▶ **EXERCISE BRIEF**
In the listing below, find the line with "Zestaw 8 topperów" and the line with "This document provides", then return them and every line between them exactly, minus the pictures.

▶ **SOURCE DATA**
# # # # # # #

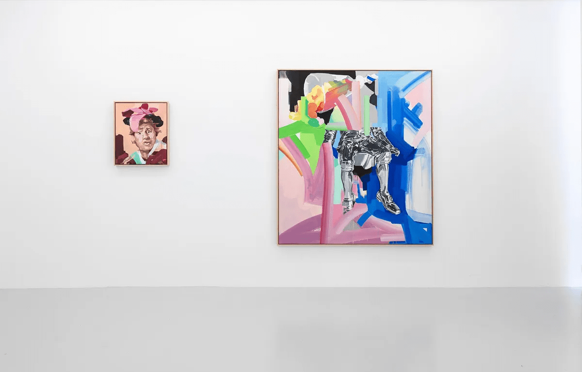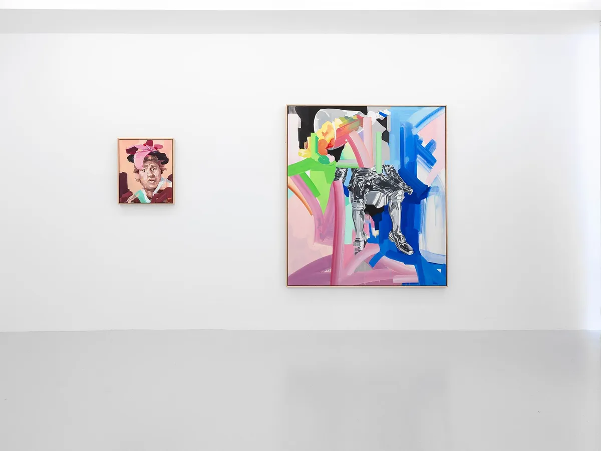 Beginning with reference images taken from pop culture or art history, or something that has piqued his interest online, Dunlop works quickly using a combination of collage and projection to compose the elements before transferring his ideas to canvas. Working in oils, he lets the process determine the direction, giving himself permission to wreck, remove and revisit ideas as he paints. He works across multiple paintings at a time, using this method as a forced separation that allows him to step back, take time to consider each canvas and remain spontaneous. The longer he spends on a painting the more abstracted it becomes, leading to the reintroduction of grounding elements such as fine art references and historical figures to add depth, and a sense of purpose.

# # # # # # #

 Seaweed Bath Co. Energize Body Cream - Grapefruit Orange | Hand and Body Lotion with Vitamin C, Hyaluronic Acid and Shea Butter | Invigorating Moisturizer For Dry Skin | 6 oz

# # # # # # #

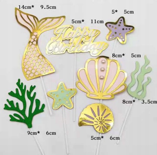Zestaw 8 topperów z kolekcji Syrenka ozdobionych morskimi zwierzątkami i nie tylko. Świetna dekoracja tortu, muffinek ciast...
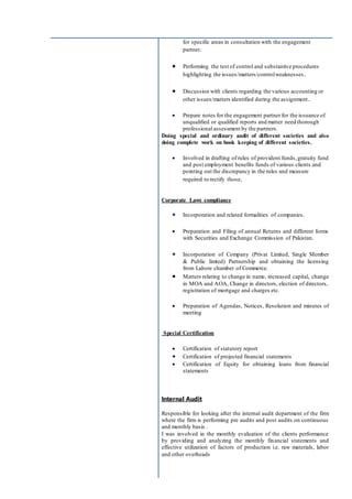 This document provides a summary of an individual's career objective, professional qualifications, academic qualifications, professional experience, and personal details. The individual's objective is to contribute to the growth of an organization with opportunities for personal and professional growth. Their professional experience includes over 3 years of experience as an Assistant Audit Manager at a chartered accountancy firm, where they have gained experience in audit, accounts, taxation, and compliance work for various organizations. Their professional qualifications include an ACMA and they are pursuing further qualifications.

# # # # # # #

▶ **EXERCISE SOLUTION**
Zestaw 8 topperów z kolekcji Syrenka ozdobionych morskimi zwierzątkami i nie tylko. Świetna dekoracja tortu, muffinek ciast...
 This document provides a summary of an individual's career objective, professional qualifications, academic qualifications, professional experience, and personal details. The individual's objective is to contribute to the growth of an organization with opportunities for personal and professional growth. Their professional experience includes over 3 years of experience as an Assistant Audit Manager at a chartered accountancy firm, where they have gained experience in audit, accounts, taxation, and compliance work for various organizations. Their professional qualifications include an ACMA and they are pursuing further qualifications.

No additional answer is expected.